I should start out by saying that this doesn’t mean I have a problem any time two or more people agree with each other.  There is value in like minded people discussing topics.  No one agrees about everything, so when like minded people have a discussion, they can skip over the broad areas of agreement and focus on the areas that need work.  What I am talking about is when two or more people agree with each other and all they are willing to discuss is the things that they agree about.  And, not only that, they act very excited and threatened while having a discussion with people who agree with them about the things that they agree upon.  I’m thinking of Rush Limbaugh and Michael Moore (If you never noticed that Limbaugh and Moore are the same, you probably don’t mind choir preaching as much as I do).

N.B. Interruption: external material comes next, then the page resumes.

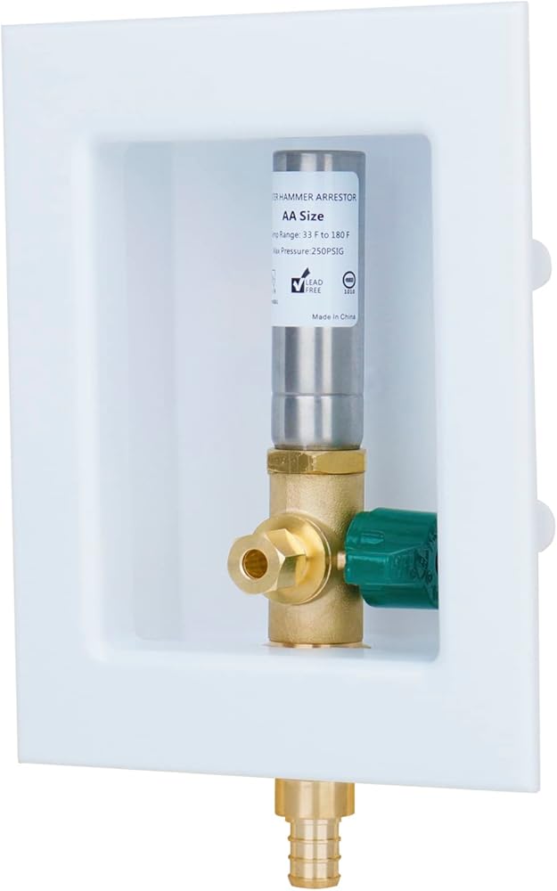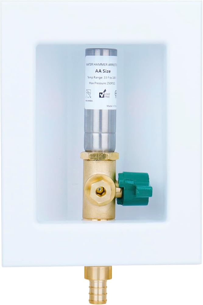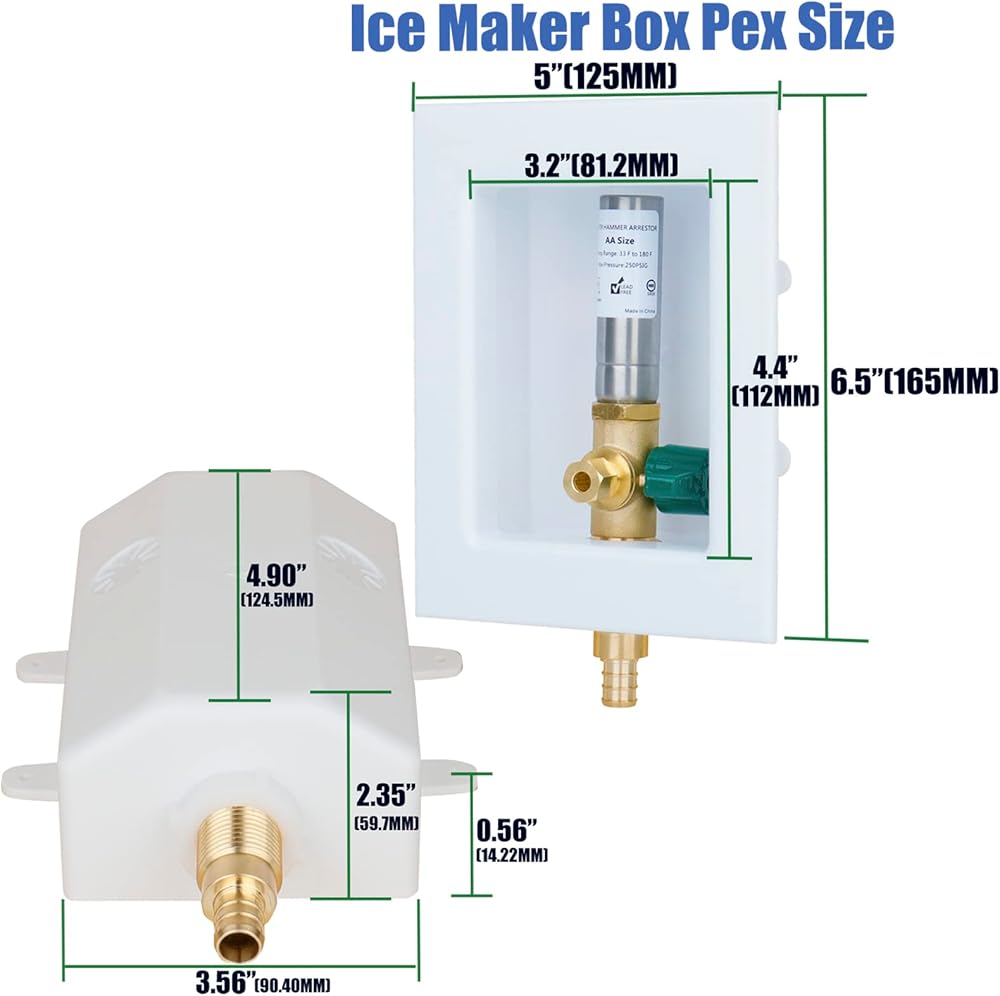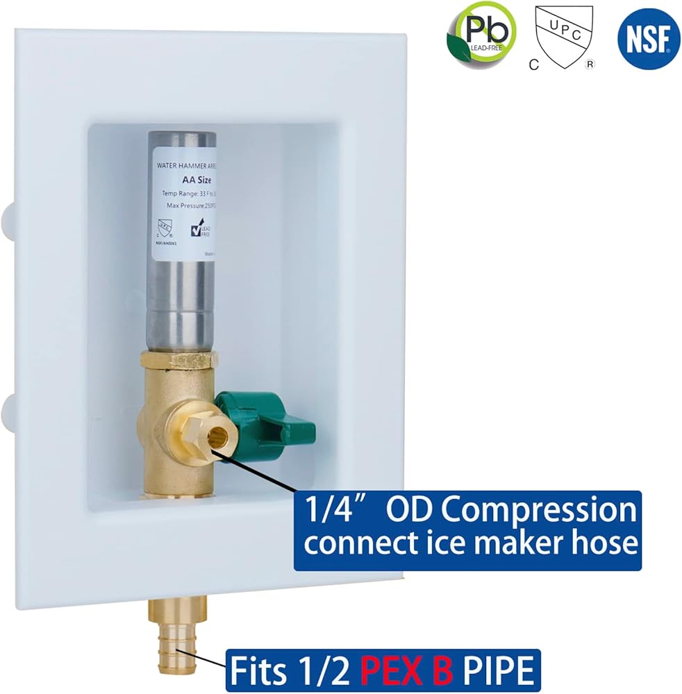 صمام صندوق مخرج صانع الثلج مع مدخل PEX 1/2 بوصة، صندوق حائط صانع الثلج PEX مع صمام إيقاف تشغيل 1/4 لتوصيل أنابيب PEX B (F1807) مع مانع مطرقة من الفولاذ المقاوم للصدأ

One of the main reasons why I hate it so much is that it is completely pointless.  I know a lot of people on the left that think Rush and Bill O’Reilly are scary and that they are hurting this country.  My response is that neither one has ever made a difference.  No one has ever had an open mind about a topic (or a left leaning view) and heard one of them talk and said, “I see his point and it’s a good one!”  It just doesn’t happen.  The only people that like what they have to say are the people who start out with the same beliefs.  If they find it entertaining, so be it.  But, it isn’t anything to worry about because it doesn’t do anything.

Another reason I hate it so much is that it is so smug.  Whether it’s Christopher Hitchens railing against Mother Theresa or Michael Moore railing against GM, there is an incredible self-satisfied arrogance.  Since they are only talking to people who share their opinions, there is no need to reflect on those opinions.  Why should Hitchens try to see things from a Catholic’s point of view when he’s talking to a room full of atheists?  Why should Moore try to see things from management’s perspective when he is talking to a room full of union members?  And since their audiences never disagree with them, they naturally start to feel pretty smart.

And another reason I hate it is because it leads to sloppy thinking.  I’m not a biologist, but I have it on good authority that Richard Dawkins was one of the best once upon a time.  Since he published “The God Delusion” and it became a best seller, he’s more crack pot than thoughtful.  Charlton Heston was talented and engaging.  But get him in front of an NRA meeting and he was a raving lunatic.  People get a little success preaching to the choir and they squander their talents.

It is a free country, so if people enjoy feeling vindicated by ignoring opposing views, that is their business.  I just wish I didn’t have to witness it.